While the time management tools we use appear to draw a straight line to all of our wishful productivity-induced aspirations, the behaviour that they reinforce achieves for us something quite different. Calendar technology in particular has over-indexed on optimizing for the output side of the productivity equation, while neglecting the input cost on the humans that use them.

And with the frantic transition that workplaces around the world took to embrace work-from-home at the start of the COVID-19 pandemic, these bad organizational habits and the existing tools that enabled them only became more of a problem. The 9-to-5 workday has been obliterated and work-life imbalance is the norm.

We can say that “time is the most valuable thing we have”, but we must acknowledge that the value of time is relative to each individual that spends it. Returning to the calendaring example — when I schedule time with those that I work with, my typical workflow looks something like this: I go to my calendar, I seek out empty space that overlaps across our shared accounts, and I fill it. But simply occupying empty space because it’s empty is rarely ideal. This negates the realities of unstructured time — time that’s otherwise needed to prep for other upcoming meetings, to get into a flow state to get things done, or to simply take a break. Paul Graham wrote a wonderful essay about the distinction between Managers and Makers and the common disconnect that exists from assuming different people manage their time in the same way that you do. It’s a dangerous trap to assume someone is less (or more) busy than you are just because their schedule looks completely different from your own.

When we give and take time from one another, the relative cost of each person’s time needs to be acknowledged (and ideally optimized for). But unfortunately, the existing technology tools we use optimize for individual productivity while neglecting the relative costs to others — a behaviour that is entirely unsustainable and inhibitive towards one’s ability to effectively collaborate with others.

The reality is that individual productivity is inextricably linked to organizational productivity. If we’re unable to optimize how we work together, we can’t expect to efficiently achieve our own individual goals.

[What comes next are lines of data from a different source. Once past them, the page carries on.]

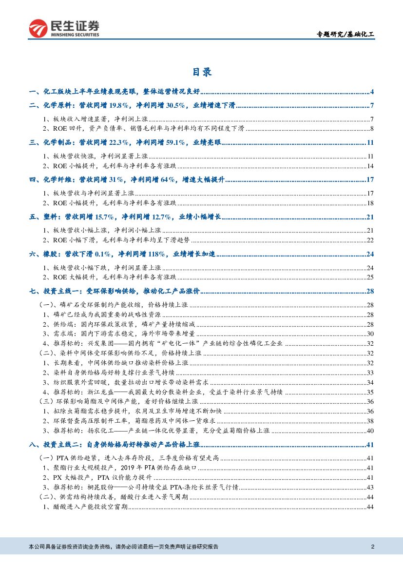 民生证券:化工行业中报业绩回顾:维持高景气度,关注受环保影响及供给格局好转的产品.pdf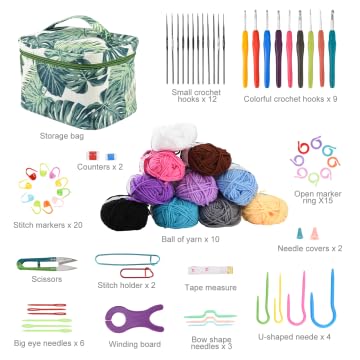 87 Pezzi Kit Per Uncinetto Per Principianti, Kit Per Principianti All'uncinetto, Set Di Aghi Per Uncinetto Con 12 Gomitoli, Aghi Da Cucito In Plastica, Custodia Per Segnapunti, Kit da Cucito Verde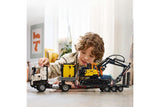 - Volvo truck toy with flatbed trailer, toy excavator and charging station
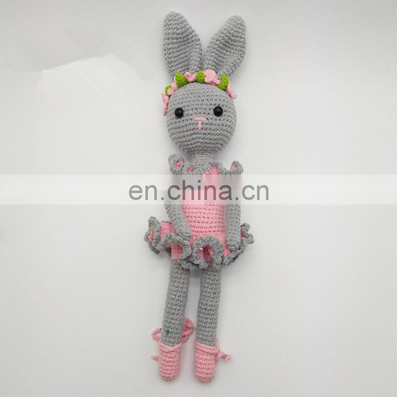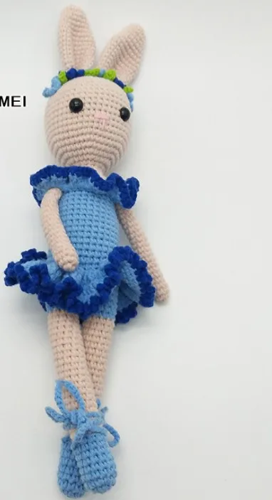 Amazon INS Hot Blue Color Knitted Stuffed Bunny Rabbit Plush Toy 100% Handmade Newborn Baby Crochet Toy

Measuring workplace productivity is more complicated than quantifying the number of hours required to deliver a specific outcome. The outputs of production need to be considered, less the organizational costs incurred when the outputs are acquired unsustainably (i.e. the expenses of turnover and low morale that result from neglecting our basic human needs). Failing to empathize with the human tensions that both drive and limit productivity is what leads to systemic problems like burnout, unhappiness, and a lack of motivation in the workplace.

The fundamental problem with simplifying workforce productivity to the maxim of “do more, faster” is that the raw input in the productivity equation is nuanced and complex. Workplace productivity is a result of the efforts of human beings — individuals with multiple competing goals, aspirations, and obligations. Therefore, if we want to leverage technology to truly increase productivity across a team, empathy for others needs to be considered. Our real goal should be to optimize for empathetic productivity.

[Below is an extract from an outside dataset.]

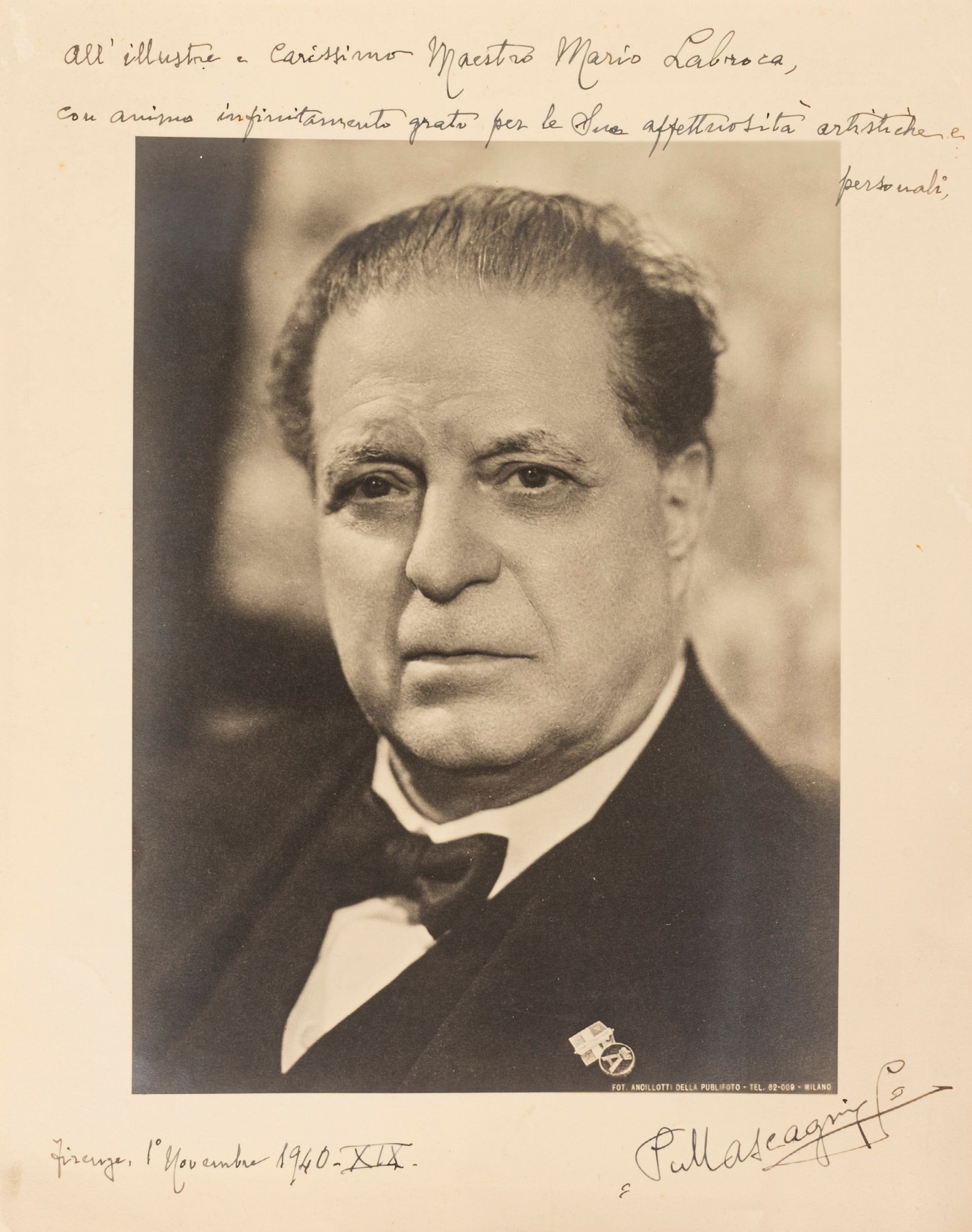 1940 Bella foto con dedica di grande formato, 292 x 231 mm., 'All'illustre e carissimo Maestro Mario Labroca con animo infinitamente grato per le Sue affettuosità artistiche e personali. Firenze, 1° Novembre 1940 XIX. P Mascagni.'

Empathetic productivity is the optimization of output around a shared understanding of human needs. It’s about understanding that the relentless pursuit of output has costs. It’s about acknowledging that individual priorities exist and it’s about understanding that what’s most important to me may not be most important to you. It’s about creating a culture where teams are supported to work towards their individual goals as freely as they work towards the organization’s goals.

Making it easier to work with others via technology is a noble pursuit, but it’s critical to consider how to achieve these outputs sustainably. The future of work needs better tools that encourage empathetic productivity — tools that bring humanity back into the workplace and that optimize productivity around the inputs: us.